Tuesday 20 September 2016

On the beach

I survived the first full week of teaching at The Institute. Early last week I remarked how a new timetable has scuppered my chance of hanging out with the ancients of Tramore each Monday afternoon. Monday looks to be busy but Wednesday is bonkers: wall-to-wall classes with no gap for lunch. That's okay with me, food at lunchtime tends to put me to sleep in the afternoon. But the maths of 18 contact hours in a 40 hour/9-5/M-F week means that if things are frantic on two days, there must be slack water elsewhere. Turns out that I have only one class on Fridays: 0900hrs Year 1 quantitative methods = QM1A = remedial maths. Now, a glass half empty sort of guy might crib about that and lament the fact that it scuppers a 3 day weekend but Dr Positive thinks it's fine. The weekend before last, I was down in Cork, and so missed the window for mowing our scrap of lawn down on the Waterford coast but did get a chance for a quick tramp along the beach at Benvoy to break the journey between Cork and Tramore. Win! I found a serviceable plastic fish-box at the tide line after a day of fresh on-shore winds.

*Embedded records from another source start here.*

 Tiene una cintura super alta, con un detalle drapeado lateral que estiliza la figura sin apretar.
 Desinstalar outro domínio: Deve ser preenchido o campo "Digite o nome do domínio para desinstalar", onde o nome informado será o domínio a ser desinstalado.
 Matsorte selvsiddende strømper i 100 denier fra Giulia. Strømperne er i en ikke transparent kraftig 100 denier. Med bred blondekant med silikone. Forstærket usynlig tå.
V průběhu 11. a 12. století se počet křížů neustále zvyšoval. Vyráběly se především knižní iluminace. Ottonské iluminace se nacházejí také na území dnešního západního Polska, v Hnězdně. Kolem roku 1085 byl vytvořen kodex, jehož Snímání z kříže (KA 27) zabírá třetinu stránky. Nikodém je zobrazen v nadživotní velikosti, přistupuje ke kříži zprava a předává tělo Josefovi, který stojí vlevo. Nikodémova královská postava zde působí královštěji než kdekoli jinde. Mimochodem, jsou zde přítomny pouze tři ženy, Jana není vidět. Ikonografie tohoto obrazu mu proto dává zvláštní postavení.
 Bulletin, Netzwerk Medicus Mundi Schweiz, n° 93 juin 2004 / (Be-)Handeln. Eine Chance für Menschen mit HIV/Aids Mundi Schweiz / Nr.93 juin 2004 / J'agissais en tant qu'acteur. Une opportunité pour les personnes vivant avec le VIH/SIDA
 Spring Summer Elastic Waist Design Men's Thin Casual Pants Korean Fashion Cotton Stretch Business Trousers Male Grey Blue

Time and tide and growing grass wait for no man; and if you let things slide for more than two weeks, then mowing the lawn gets to be a real chore rather than a bit of light whole body exercise that leaves things tidier than before. Checking the weather forecast [sunny spells, no rain] and the tide-times [Low tide Dunmore East 1210hrs] the night before practically forced me to mitch off after class and head South. Accordingly, I loaded the lawn-mower into the Little Red Yaris before I left for work.

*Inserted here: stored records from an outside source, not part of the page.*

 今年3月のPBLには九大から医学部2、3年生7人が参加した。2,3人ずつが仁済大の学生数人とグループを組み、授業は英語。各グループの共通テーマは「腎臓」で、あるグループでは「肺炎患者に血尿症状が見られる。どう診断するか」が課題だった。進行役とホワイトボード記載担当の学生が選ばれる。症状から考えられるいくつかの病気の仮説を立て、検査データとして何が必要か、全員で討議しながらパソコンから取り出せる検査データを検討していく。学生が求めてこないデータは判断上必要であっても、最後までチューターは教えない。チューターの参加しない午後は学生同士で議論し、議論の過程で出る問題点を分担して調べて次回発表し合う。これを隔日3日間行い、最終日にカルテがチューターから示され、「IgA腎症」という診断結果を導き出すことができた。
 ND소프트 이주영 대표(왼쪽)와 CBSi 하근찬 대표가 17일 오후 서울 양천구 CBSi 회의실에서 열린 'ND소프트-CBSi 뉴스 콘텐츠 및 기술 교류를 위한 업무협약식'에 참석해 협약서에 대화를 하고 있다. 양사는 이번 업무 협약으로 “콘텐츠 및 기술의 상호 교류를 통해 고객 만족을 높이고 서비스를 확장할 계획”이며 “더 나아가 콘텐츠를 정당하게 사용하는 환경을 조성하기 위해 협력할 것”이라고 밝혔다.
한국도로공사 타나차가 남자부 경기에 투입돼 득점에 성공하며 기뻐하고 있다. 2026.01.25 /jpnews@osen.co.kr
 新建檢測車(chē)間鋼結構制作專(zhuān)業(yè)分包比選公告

The timing was perfick, I unloaded the mower as the tide turned and was 8km along the coast at Annestown 12 minutes later. At Annestown, as for a lot of the much indented and heart-stoppingly beautiful Waterford coast, low tide is the key. For a couple of hours, twice a day, you can scramble round the headland at the East end of the beach-with-car-park and have a great sweep of strand all to yourself. As I came round the headland, a watery autumnal sun started to warm my shoulders and my spirits soared. With a job; the full use of my legs; free; warm; a cheese sandwich in my pocket for lunch; boundless and bare, the lone and level sands stretching far away; who wouldn't be happy?  I tried to recall the lines:
But to be young was very heaven!
But Willie Wordsworth was wrong, dawn is greatly over-rated on the bliss-side which is often cold and dewy-damp and I can no longer pass for young. But who'd be young again? When I was young I was ignorant, unappreciative, in a hormonal turmoil, and my hair was far too long - eeeuuuw.

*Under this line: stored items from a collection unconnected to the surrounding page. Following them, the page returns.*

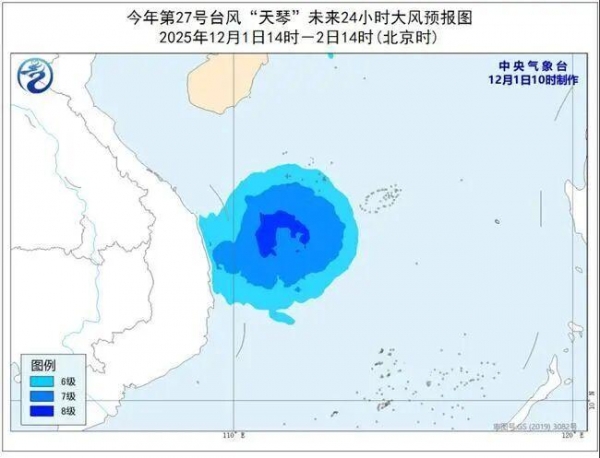 中央气象台12月1日10时继续发布台风蓝色预警:12月1日14时至2日14时,受今年第27号台风"天琴"(热带风暴级)影响,南海中西部和西南部海域、西沙群岛附近海域将有6~8级大风、阵风9~10级。
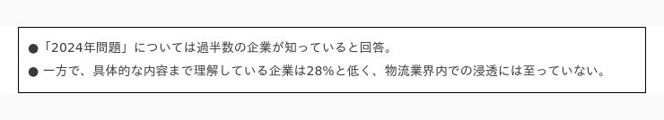 物流業界に迫る「2024年問題」「2024年問題」の理解度は30%、成果が出ている企業は10%未満。上場企業でも約3割が「何もしていない」と回答。
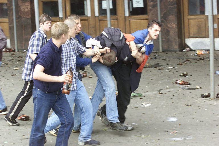 Най-страшно е на Манежния площад. Пияни вандали се бият, разбиват витрини на магазини и заведения и палят коли. Повече от сто души са ранени тежко при сбивания и различни други инциденти, а едно 17-годишно момче, фен на Спартак, никога повече не се прибира у дома.
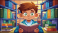 Closeup America boy reading text book in library.
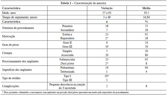 RESULTADOS: A média de idade das pacientes foi de 39,5 anos, 92% das cirurgias foram por motivação estética, 72% das cirurgias foram primárias e 80%, associadas. Em 24% dos casos, as pacientes apresentavam ptose grau II e em 76%, grau III. O período de seguimento variou de 3 meses a 48 meses. Duas (8%) pacientes apresentaram pequenos sofrimentos na junção do T-invertido, tratados de maneira conservadora. Não foram obervadas complicações como seromas, hematomas, necroses do complexo areolopapilar, infecções, perda dos implantes, tampouco foram necessárias reoperações por resultados insatisfatórios.
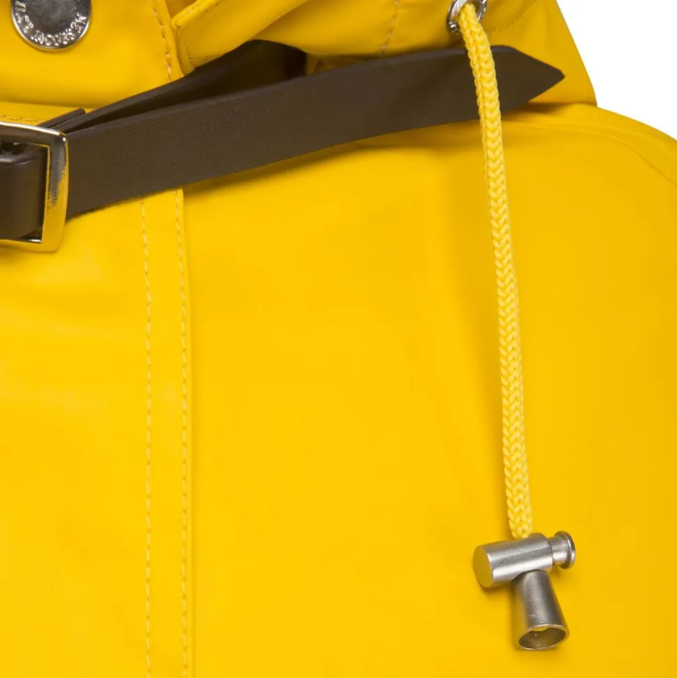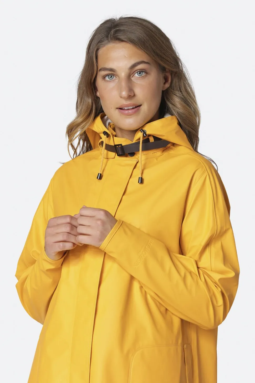 En feminin A-formet regnfrakke med Løs pasform under knæet. Regnfrakken har et diskret Ilse Jacobsen Hornbæk-logo præget på venstre ærme. Hætten er aftagelig og fastgjort med en vejrbestandig strop i kunstlæder. Stilen har sidelommer med flapper, smarte slidser i sidesømmene med trykknapper, knaplukning ved håndleddet og en 2-vejs YKK-lynlås midt foran. Indvendigt har stilen en ren og fin finish med et logobånd. Kvaliteten er en let og subtil vandtæt gummibelagt PU med polyester tricot på bagsiden, og alle sømme er dobbeltsvejsede. Stilen fås i et bredt udvalg af både klassiske og sæsonbestemte farver. Sammensætning: 100 % polyester trikot med PU-belægning. Funktionalitet: B/P 5000 mm

On the beach, I felt like all of the kids in e.e.cummings poem rolled into one:
went down to the beach(to play one day)
and maggie discovered a shell that sang
so sweetly she couldn’t remember her troubles,and
milly befriended a stranded star
whose rays five languid fingers were;
and molly was chased by a horrible thing 
which raced sideways while blowing bubbles:and
may came home with a smooth round stone 
as small as a world and as large as alone.
For whatever we lose (like a you or a me) 
it’s always ourselves we find in the sea

It wasn't On The Beach by Nevil Shute, or anything like it. I read that book when I was 12 or 13 with almost as much care and attention as I devoured The Day of the Triffids [prev]. Triffids is a book that forces a consideration of what is essential in life and which of the planet-wasting things in the shops can be done without. Beach, set in a doomed Australia after a universally fatal Northern Nuclear war, is about having no regrets about a previously wasted life. In one scene towards The End, as the fallout sweeps remorselessly South to engulf them, they hold a final Grand Prix motor race.  The competitors have each managed to save a 25 lt drum of petrol to fuel their last race on earth. With nothing to lose, there are several fatalities. When/if we arrive in a bleak future full of privation, and short on food, I don't want to think about the half-eaten pizza that got thrown in the bin because we'd over-catered again. I don't want to regret buying tawdry knickknacks, plastic bottles and single-use kitchen gadgets. To avoid this future regret, I now make a point of eating food that is edible if not pretty; I don't mind sharing a lettuce leaf with caterpillars. I don't eat caterpillars . . . yet . . . but I don't bin a leaf because it's got a ragged hole in it.

Finally and more positively, I'll add that my couple of hours on the beach  - after Annestown, I trotted along Benvoy and then Knockmahon looking for a smooth round stone or two - were more richly appreciated because, by one accounting, I should have been by my desk at work in The Institute. It had, in Yevgeny Yevtushenko's evocative phrase, the taste of not bought but stolen apples. After the beach, the lawn; which looked much tidier after I'd given it an hour-long short-back-and-sides. The crab-apples are as red as plums, they'll be ready to pick in a week. Life is good.